(TASK BRIEF)
Repeat the data verbatim, images excluded.

(SUPPLIED INFORMATION)
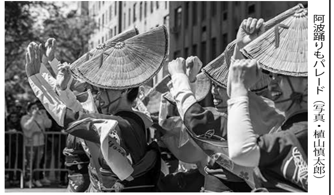
阿波踊りパレード

2024年ジャパンパレード参加団体は次の通り。NY PD 騎馬警官、NY PD カラーガード、NY PD エイジアン・ジェード・ソサエティ、NY PD マーシャルバンド、グラント・マッシュナル国枝慎吾、旗(日本) ハンター大学日本語・日本文化学科、旗(日本) 石川県人会、旗(米国) あおぞらコミュニティ基金、NY 日本総領事館、NY 市長と市機関ハリソン市消防署、日系アメリカ人退役軍人協会、米陸軍士官学校、日本フォーククラブ、紐育太鼓愛好会、寒川神社、寒川神社神輿、ニュージャージー日本入学校、森美樹夫総領事、大使、NY 総領事館、NY 総領事館&フレンズ、国際交流基金NY 日本文化センター、日本航空(フロイト)、NY 廣武館剣道、パークス
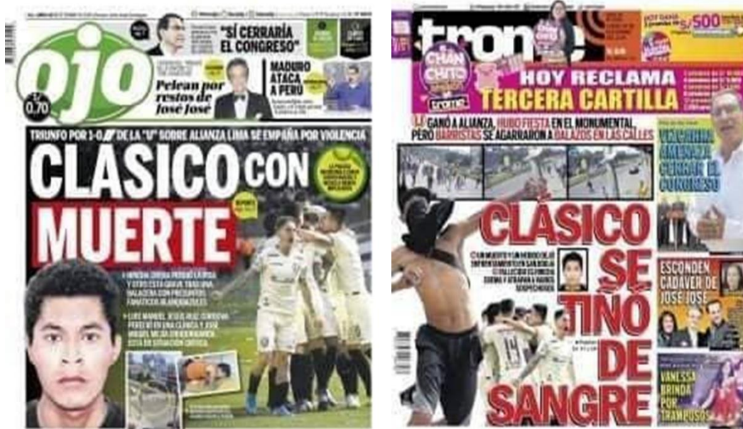
Tabla 3. Ficha de observación – aspecto No lingüístico

A continuación, se puede observar las portadas de los diarios Trome y Ojo para el siguiente análisis.

(WORKED SOLUTION)
阿波踊りパレード

2024年ジャパンパレード参加団体は次の通り。NY PD 騎馬警官、NY PD カラーガード、NY PD エイジアン・ジェード・ソサエティ、NY PD マーシャルバンド、グラント・マッシュナル国枝慎吾、旗(日本) ハンター大学日本語・日本文化学科、旗(日本) 石川県人会、旗(米国) あおぞらコミュニティ基金、NY 日本総領事館、NY 市長と市機関ハリソン市消防署、日系アメリカ人退役軍人協会、米陸軍士官学校、日本フォーククラブ、紐育太鼓愛好会、寒川神社、寒川神社神輿、ニュージャージー日本入学校、森美樹夫総領事、大使、NY 総領事館、NY 総領事館&フレンズ、国際交流基金NY 日本文化センター、日本航空(フロイト)、NY 廣武館剣道、パークス
Tabla 3. Ficha de observación – aspecto No lingüístico

A continuación, se puede observar las portadas de los diarios Trome y Ojo para el siguiente análisis.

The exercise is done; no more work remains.